Autores principais:Manso, João Pedro Real
Assunto:Recommender Systems Music Recommender Systems Collaborative Filtering K-nearest Neighbors
Ano:2020
País:Portugal
Tipo de documento:dissertação de mestrado
Tipo de acesso:acesso aberto
Instituição associada:Universidade Nova de Lisboa
Idioma:inglês
Origem:Repositório Institucional da UNL
Descrição
Resumo:The present dissertation focuses on proposing and describing a collaborative filtering approach for Music Recommender Systems. Music Recommender Systems, which are part of a broader class of Recommender Systems, refer to the task of automatically filtering data to predict the songs that are more likely to match a particular profile. So far, academic researchers have proposed a variety of machine learning approaches for determining which tracks to recommend to users. The most sophisticated among them consist, often, on complex learning techniques which can also require considerable computational resources. However, recent research studies proved that more simplistic approaches based on nearest neighbors could lead to good results, often at much lower computational costs, representing a viable alternative solution to the Music Recommender System problem.

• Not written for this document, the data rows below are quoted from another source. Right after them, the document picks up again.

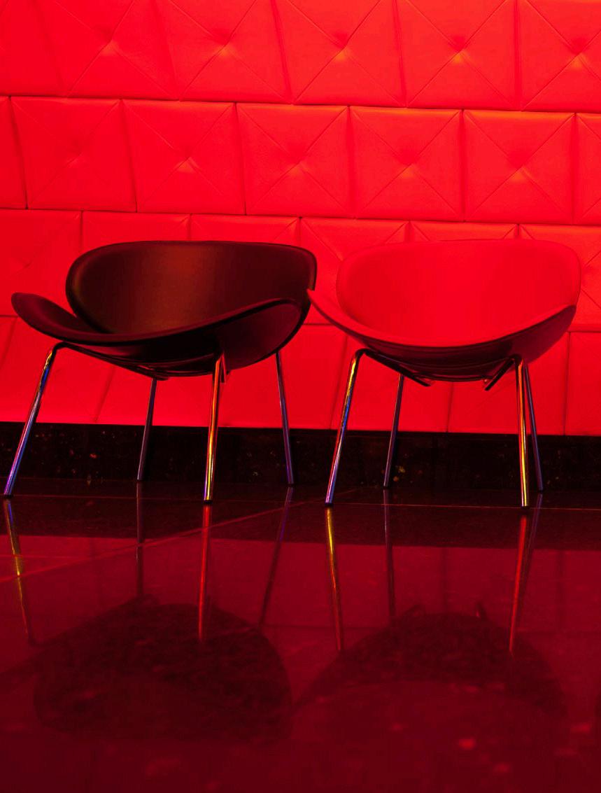 This six screen, 1100-seat complex occupies the first floor level of a multi-storey shopping centre in Bangalore, India. The concept is based around a rich colour scheme of red and blue offset against black and white ceiling and floor backgrounds. Materials were selected to define shape, changing under coloured light. Reflective and repeated shape surfaces multiply images of colour and texture. With very low ceiling heights and unworkable volumes in the shell building, this use of light and colour change give a sense of expanding space and richness of detail to the main ticket and concessions areas.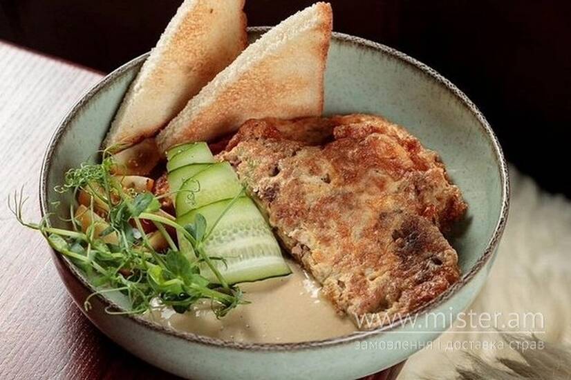 Бичі яйця подаються з цибулею у вершковому соусі.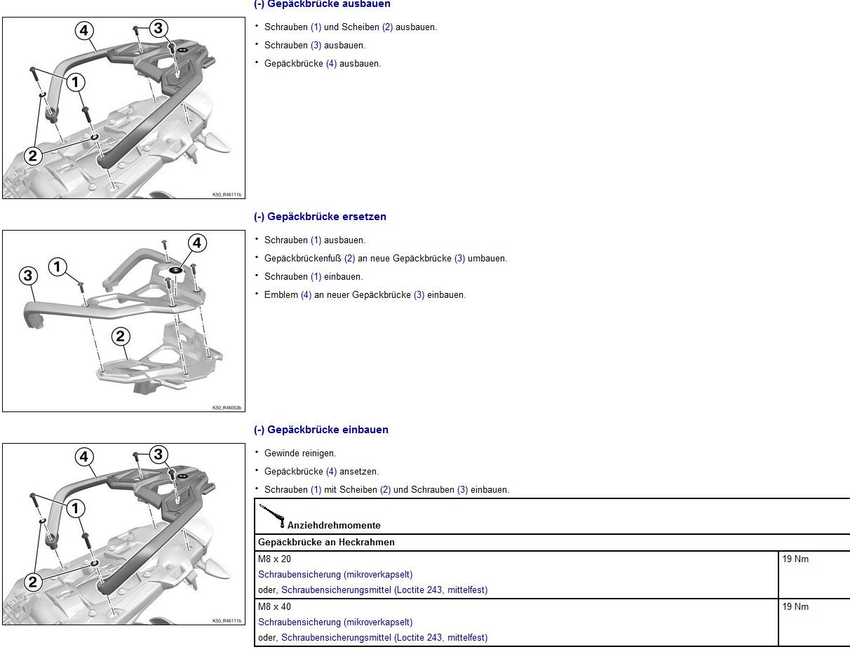 ich verstehe garnicht wie seit 1975 als noch alle Schrauben außer die vom Rad und Zylinderkopf händisch vernünftig mit Gefühl angepasst an die Größe und mit richtiger Hebellänge zuverlässig angezogen wurden, nun plötzlich bei jeder profanen Schraubverbindung alle nach Drehmomentwerten schauen. Die wurden ja nur wegen der maschinellen und nachvollziehbar gleichen Serienfertigung im Werk so proklamiert. Bei Bremssattel oder Gabelschrauben ok von mir aus, ( klar nun kommt dass ein Topkäse dran ist, der wegfliegen könnte) nee die Halter brechen durch zu viel eingelagertes Gewicht und ggf verspanntem Anbau des Zwischenhalters, wie ich zuletzt an einem R1150GS Aluhalter feststellen musste. Locktide mittelfest beruhigt das Gewissen.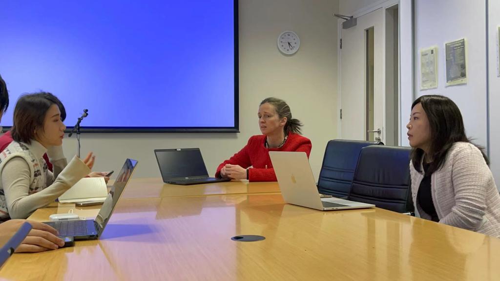 随后实践团一行与科克大学国际处负责人进行座谈,科克大学北京代表处主任张蓓、副主任李鹏出席本次座谈会。科克大学国际处负责人对科克大学优势学科建设、师资力量、就业前景等本硕联合培养项目的相关情况进行了介绍,她表示希望与taptap点点体育在学术交流、联合办学等方面进行更多的合作。科克大学北京代表处的老师也表示,北外拥有丰富的外语资源优势,希望双方以此次座谈为契机,在暑期交流,海外实践等方面进行合作。最后张珺涵老师对taptap点点体育的办学历史,学科建设,课程设置等进行介绍,就未来双方在留学交换,暑期实践等多方面合作进行商议,为之后双方合作交流打下坚实基础。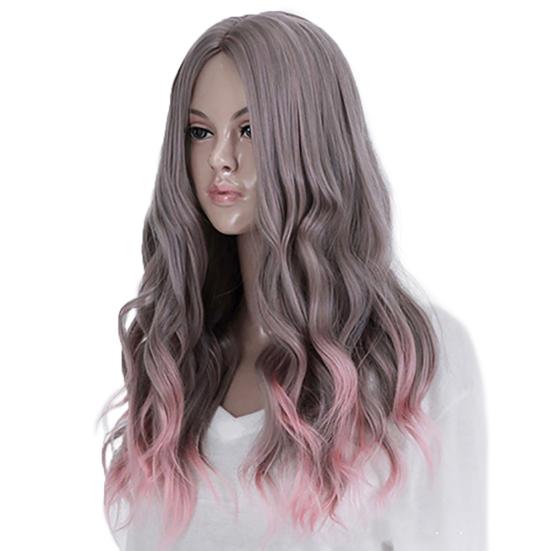 Лолита Микс Серый Розовый Центр Пробор Косплей Длинные Вьющиеся Волнистые Волосы Полные Парики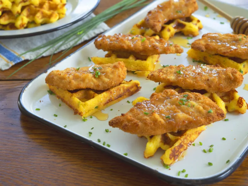 Cut waffles into quarters and serve hot with chicken tenders, drizzled with honey and sprinkled with chives.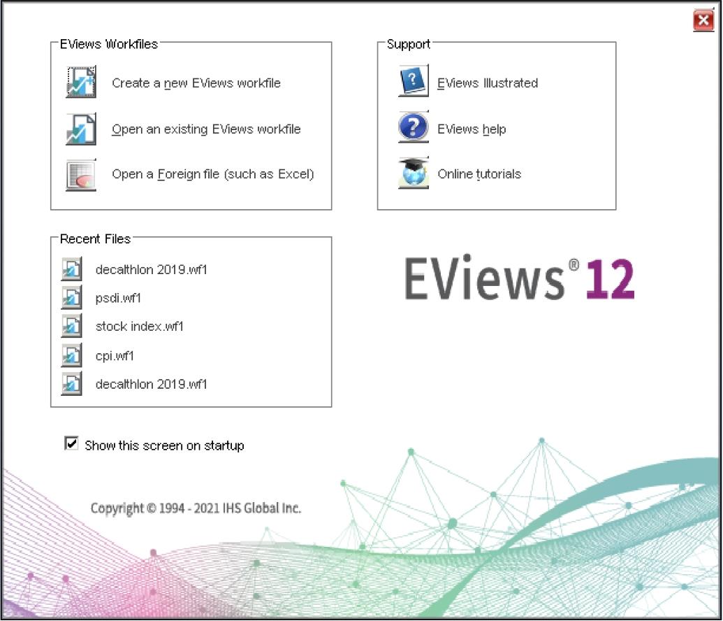 在该窗口最下方,若不勾选“Show this screen on startup”复选框,则以后启动Eviews时将不显示此欢迎页。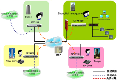 隨著公司在全世界開設(shè)眾多的部門,IP電話技術(shù)將會是不同分公司之間實(shí)現(xiàn)低費(fèi)用高品質(zhì)語音通訊的方式。SINOCO公司的IP-PBX 系統(tǒng)解決方案,利用 SPX-5130設(shè)備通過互連網(wǎng)連接到公司的各個(gè)分支機(jī)構(gòu),提供分級體系結(jié)構(gòu),更進(jìn)一步提供了可靠的,靈活的語音通訊解決方案,從而滿足公司快速回應(yīng)客戶的需求。同時(shí),它也降低了總部和分部之間的電話費(fèi)用。總部和分部間昂貴的國際電話費(fèi)用將不再存在, 而且享受高品質(zhì)的語音通訊質(zhì)量。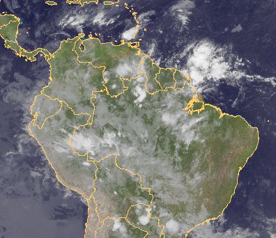 Über Brasilien haben sich kräftige Schauer und Gewitter entwickelt. Diese sind im Satellitenbild gut an der konvektiven Bewölkung erkennbar.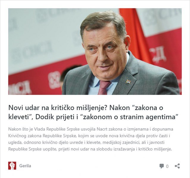 “Ovih dana ćemo predložiti novi zakon o djelovanju nevladinih organizacija i sličnih udruženja na prostoru RS. Biće doslovno prepisan zakon od SAD. One u svom zakonu te strane nevladine organizacije nazivaju stranim agentima na prostoru SAD. Mi ćemo preuzeti svu terminologiju, samo umjesto onoga SAD biće napisana Republika Srpska. Gdje piše Ministarstvo pravde SAD, pisaće Ministarstvo pravde RS, pa da vidimo šta će Amerikanci na to reći, a to podrazumijeva da prijavite svaku vrstu transakcije i sve što rade”, izjavio je Dodik juče, dok je već naredni dan krenula propaganda i spinovanje na RTRS-u.

Throughout this thesis, we conduct offline experiments on a freely-available collection of listening histories from real users, each one containing several different music tracks. We extract a subset of 10 000 songs to assess the performance of the proposed system, comparing it with a Popularity-based model approach. Furthermore, we provide a conceptual overview of the recommendation problem, describing the state-of-the-art methods, and presenting its current challenges. Finally, the last section is dedicated to summarizing the essential conclusions and presenting possible future improvements.